I'm looking some advice as I'm not sure how to go about things with him now.
I was with this man for 20 years from a teen until my late 30s now. There was what i would say emotional abuse going on and i only really noticed what it was when we had our children who are 4 & 5. I began to pull away without realising and just with the stress of having 2 kids one after another we became distant. He says i didnt show him enough respect or affection, i wasnt giving him enough sex, when i spoke to other men by just saying hello he would give all sorts of accusations or the silent treatment until he was ready to have a go at me. He says i didnt try hard enough basically (but i was) i just couldnt meet all his demands and with bring a mum with 2 young kids i was stressed and lost myself after battling post natal depression. He wanted to have another baby but i wanted to wait until both kids were in school.
He ended up deciding to leave me in Sept. We were back and forth deciding on if we could make things work until he told me he had started seeing a 23 yr old in our town (family ties as well with me and this girl) I wasn't happy but he asked me to forgive him and I said I needed some time. Instead of waiting for my answer he remained seeing the girl and she is now pregnant, conceived 3-4 weeks after he walked out.

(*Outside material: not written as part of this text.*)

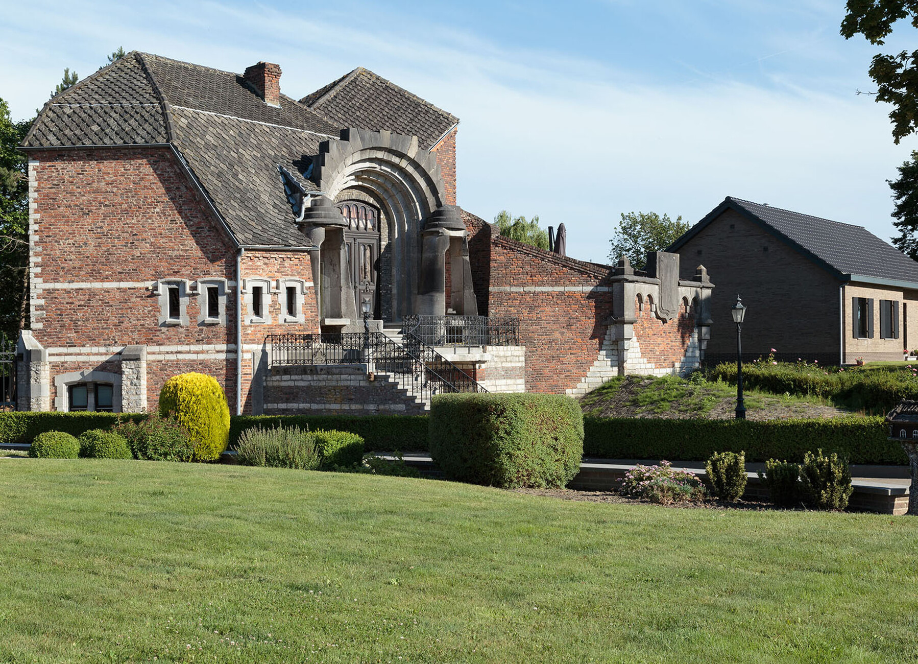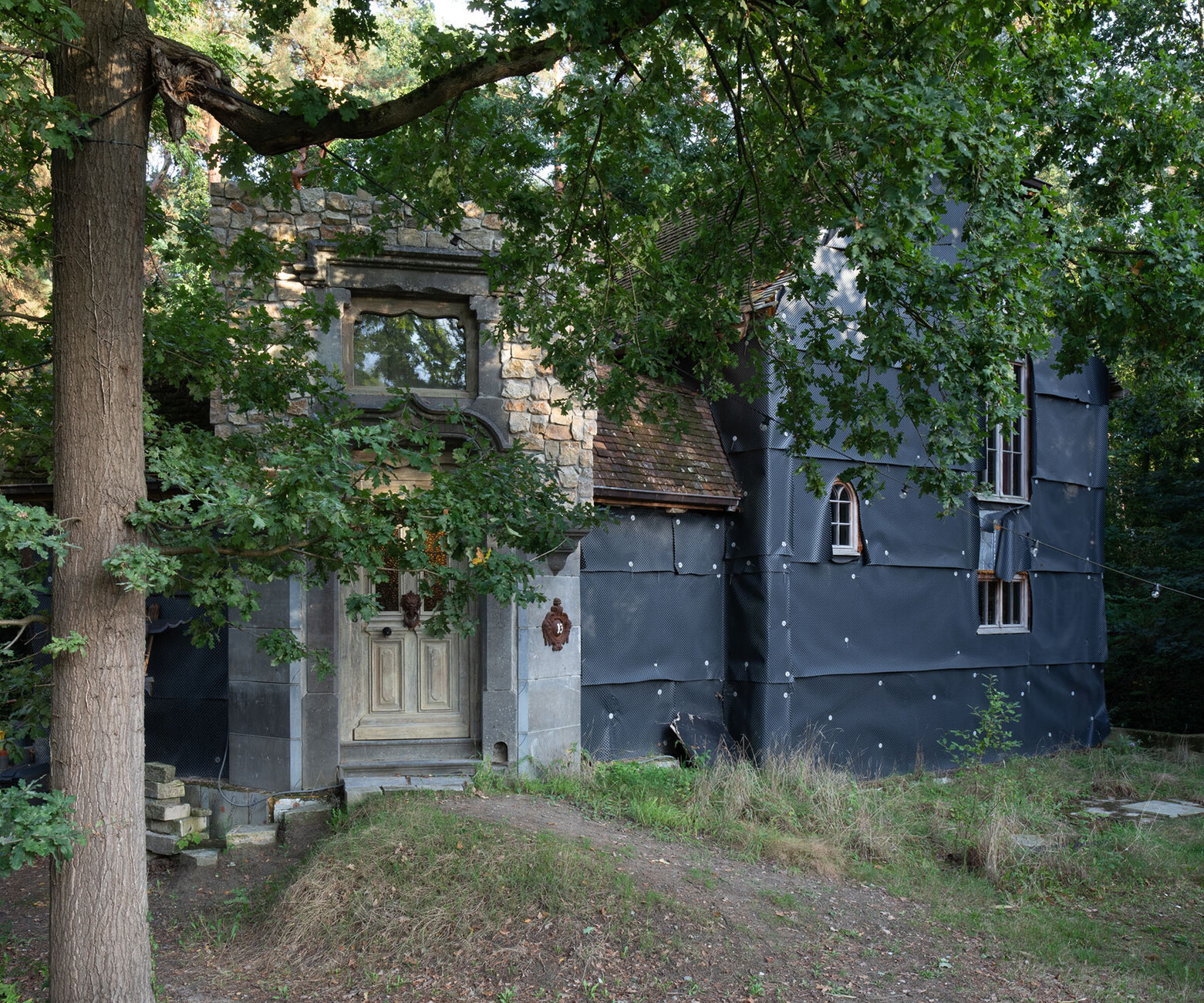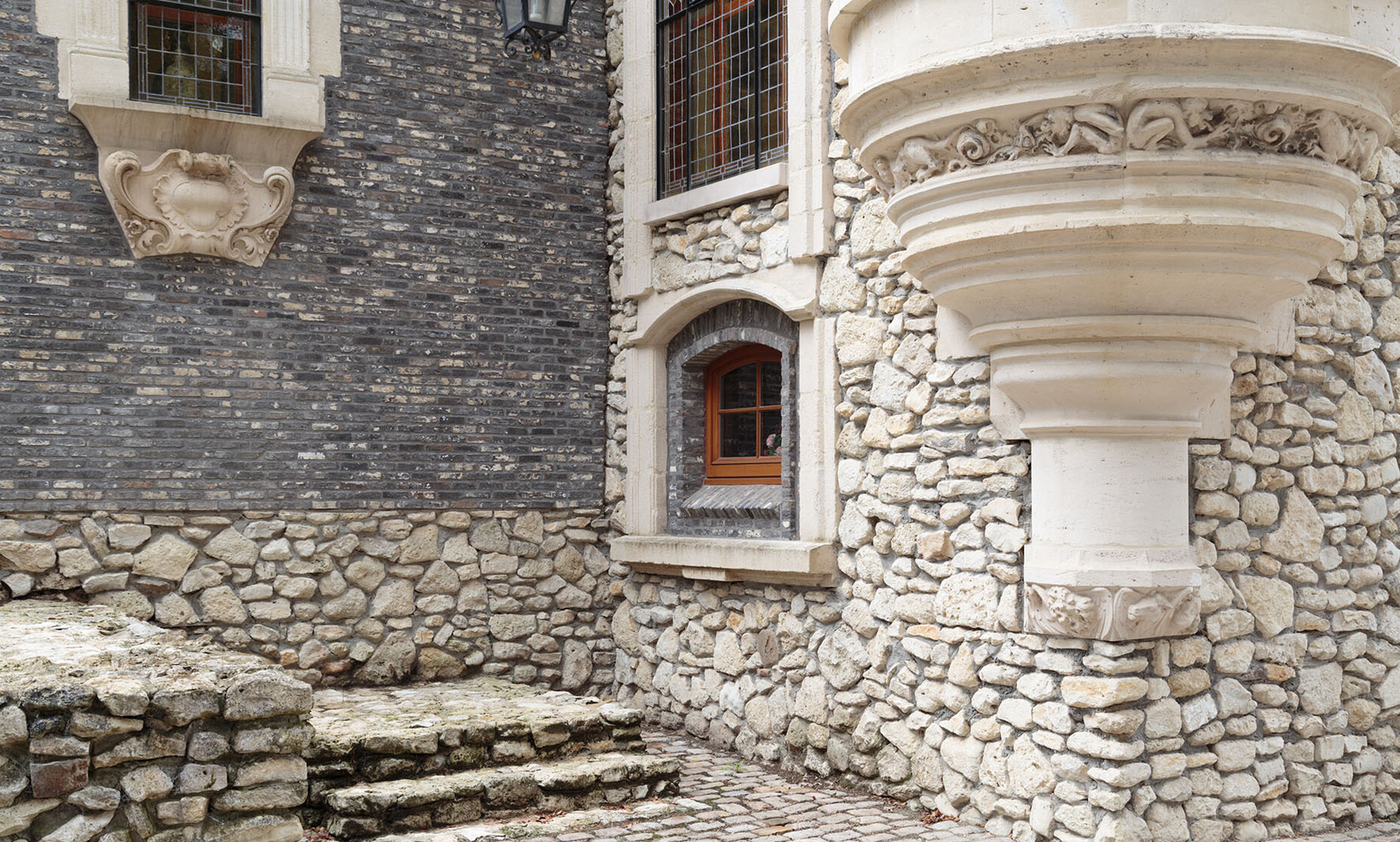 He got his first commissions from relatives and acquaintances. Raymaekers also designed a house for himself and his new wife Rita. These first buildings were still quite inconspicuous, with gabled roofs and brick chimneys, combining a gentle modernism with the elements that homes in that region customarily had. Raymaekers himself later described these houses as "completely insignificant". He was dissatisfied because he found the results of his own designs to be as bland as all the small new houses surrounding him, which was precisely the mediocrity that he wanted nothing to do with. But then something occurred that completely changed his way of doing things: In the late 1950s he came across a demolition company's salvage yard in Brussels, where he bought an attic staircase that he incorporate into one of his own designs. This brought him into contact with the "demolition scene" in Flanders, where business was booming at the time. During Belgium's post-war boom, historic buildings were being demolished everywhere to make way for new construction. The land was being “ploughed up” in the truest sense of the word. Raymaekers began to visit demolition sites to pick up materials and elements. At the same time, he studied art and then become an art teacher, which, he says, gave him a new appreciation of the material he was collecting as well as a more sculptural approach to it.

He has been having mixed feelings about it all as ultimately we were going to try and work before the pregnancy came up at things as we still loved each other and because of our small children. He's all over the place getting this 23 yr old pregnant when he's 37 and now feels its his duty to remain with her seeing as she is pregnant instead of making his other 2 kids his priority. We originally were getting on well and co parenting really well together until he recently told me he wants the kids to meet her and tell them about the baby, this now means I've to share my kids with this girl and I'm not really coping with it all very well. It has caused a huge rift between me and the kids dad because I've told him I'm broken hearted since he walked out, met someone else and got her pregnant. He only left 16 weeks ago!

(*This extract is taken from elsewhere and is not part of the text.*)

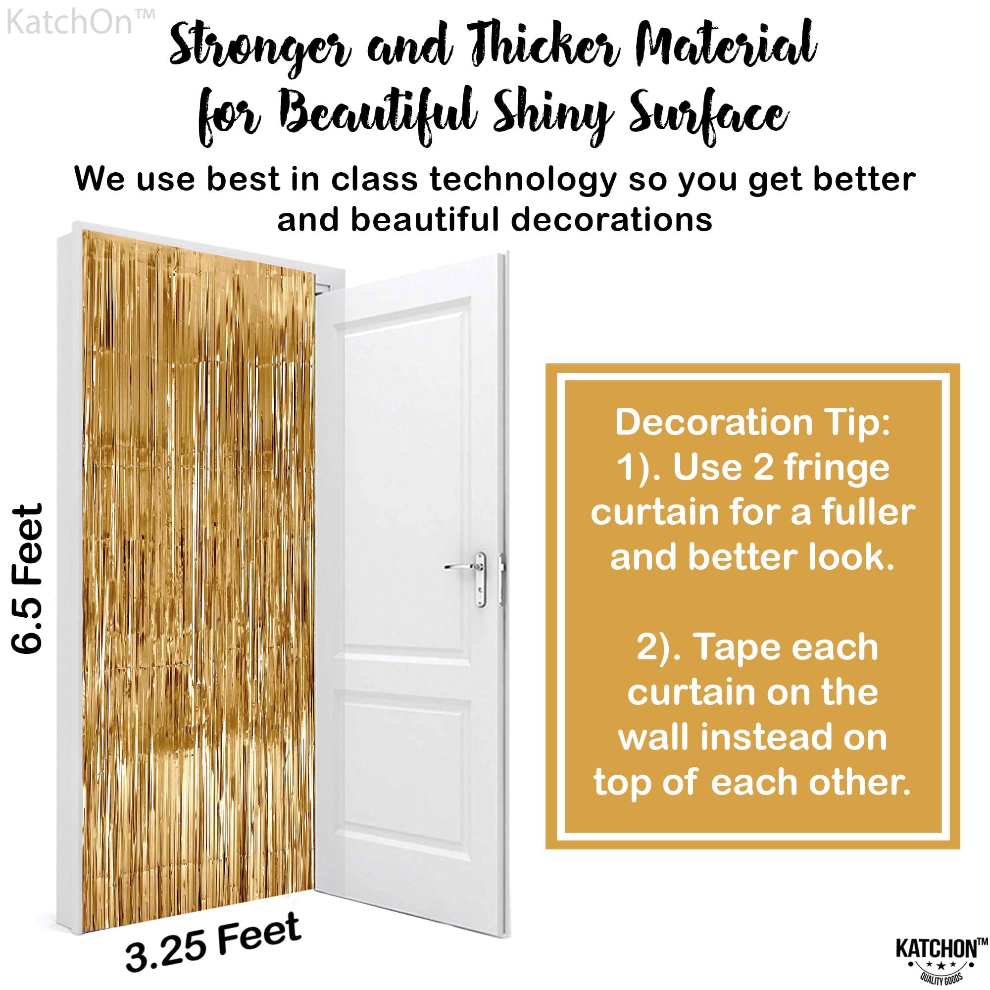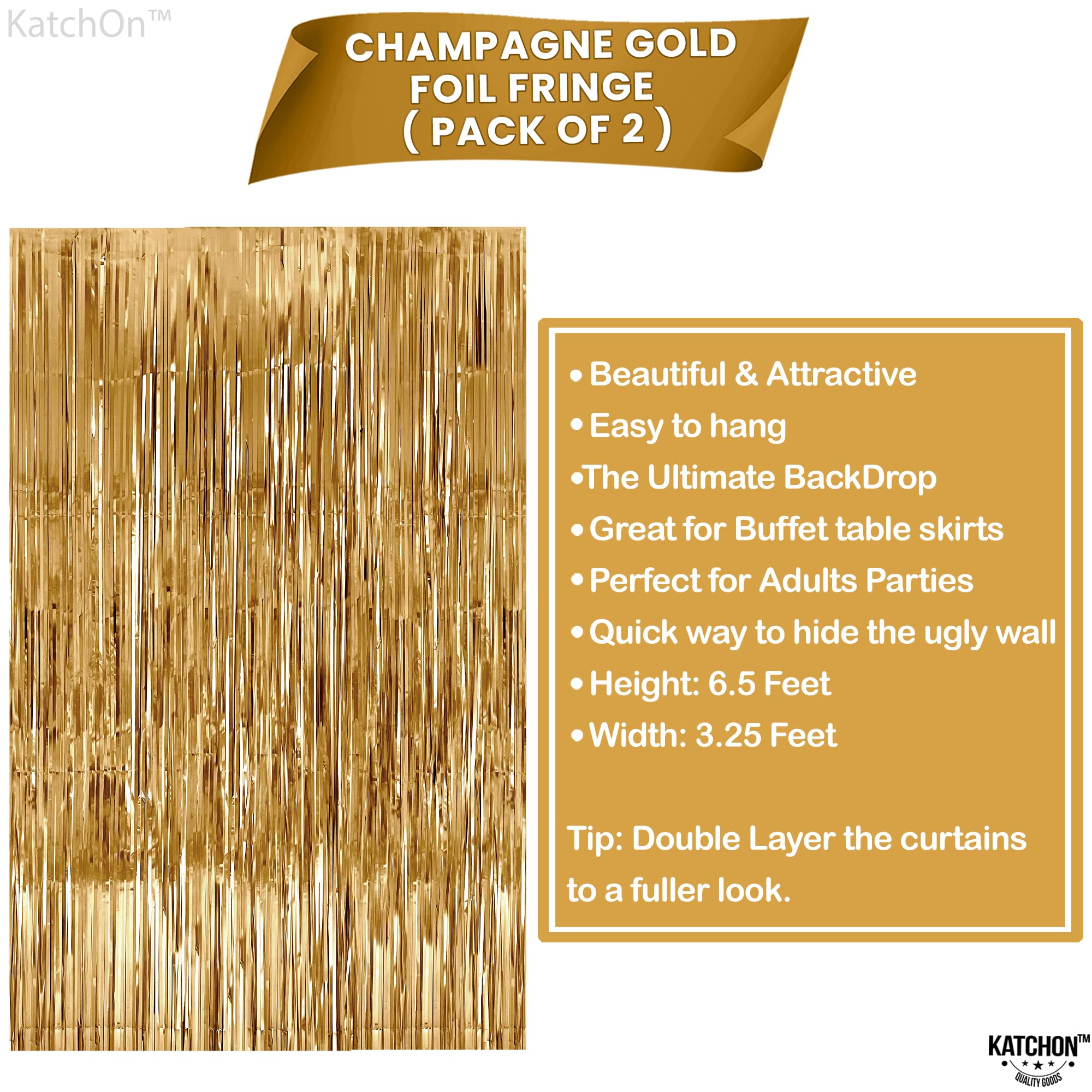 IDEAL SIZE: 3.2x6.5 FEET | PACK OF 2 | CHAMPAGNE GOLD FRINGE BACKFROP: Create a stunning gold backdrop instantly with the champagne gold fringe that shines like gold curtains. Sparkle up your event with shimmering gold streamers and pair it with champaign gold photo backdrop for champagne party decorations. The metallic shine transforms any flat surface into a luxe focal point in golden birthday party decorations offering a rich backdrop for selfies or product shots, gold metallic curtains for parties. Also fit seamlessly into ramadan decorations, ramadan decorations for home.

Hes really frustrated with me for not wanting to go through this part just yet of having her round the kids. I'm just not mentally ready along with the fact this girl was apparently seeing another lad at the same time. She's adamant the baby belongs to my ex but I think the dates are quite close so I'm concerned about the kids being told about a baby who may not ultimately be his (although it might be) I'm also not prepared for the kids coming home with all the stories about their dad's girlfriend and her having a baby. That's something I wanted my kids to experience with me and their dad. I'm broken over all of this, I've continually dealt with heartache since he walked out and was sure we were gonna make a go of things again. I don't know how to cope with allowing the kids round her so soon, they're not together that long and it started out on a rocky path because she knew he wanted to come back to me and the kids. Although he's now in no contact with me after us falling out about the kids meeting her.

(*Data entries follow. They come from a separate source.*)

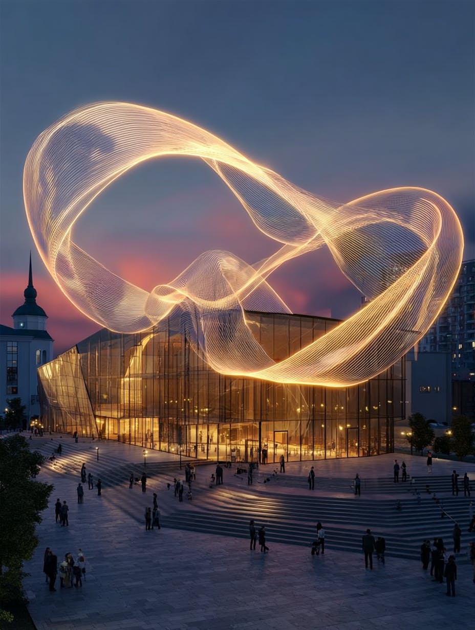 Futuristic architecture with glowing ribbon structure above a modern glass building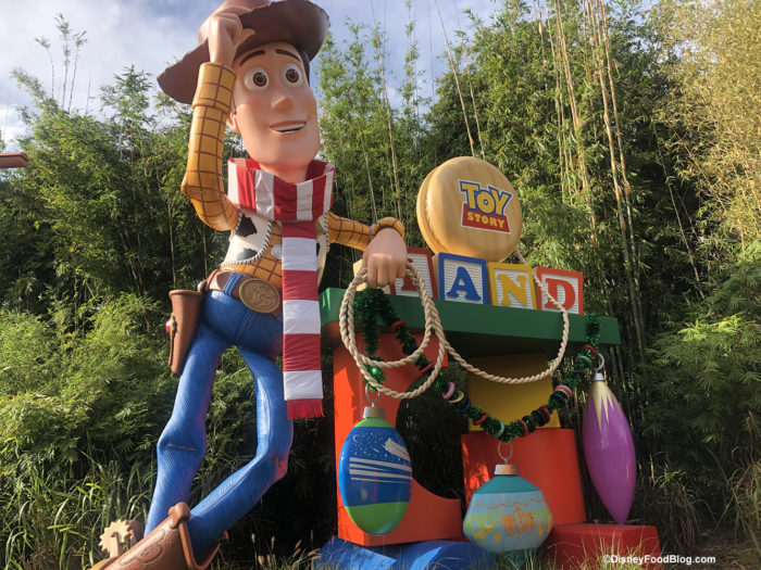 Even though the Christmas decorations will be taken down this week we spotted some additions to the decorations in the area since our visit right before Christmas. There are new (giant) ornaments on Woody’s Toy Story Land Sign as well as some new garland.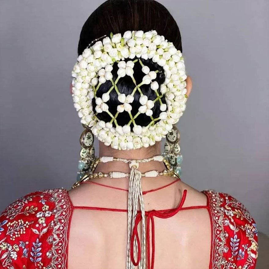 The full floral gajra bun cover is a showstopping choice for brides who want to embrace natural beauty. Made with fresh blooms like roses or jasmine, it creates a complete circle of flowers that instantly transforms a simple bun into a regal statement.

Hes had full access to the kids at any time I've just set a boundary the once and it was about the kids meeting her so I could have time to adjust to the situation and also accept that there's no going back for us. He doesn't understand where I'm coming from.
I just think its way too soon for the kids to meet this girl yet, plus what if the baby isn't his?? I also don't know how to deal with all the stories the kids are going to come home with. The breakup has really affected my mental health I'm struggling to cope with it and now knowing he has this whole other life to live and my kids which took us over 8 yrs to have, have to be shared with her and this new baby. I'm not sure where to go with it all. Do I legally have to do this so soon??? Plus my son has been struggling since his dad has left so this news will set him back more in my opinion and it sets their mum back too.
I want to keep a good relationship with their dad but there's too much hurt and raw emotion that all of this is causing even more issues between us. Has anybody been in a situation like this so soon after their partner leaving?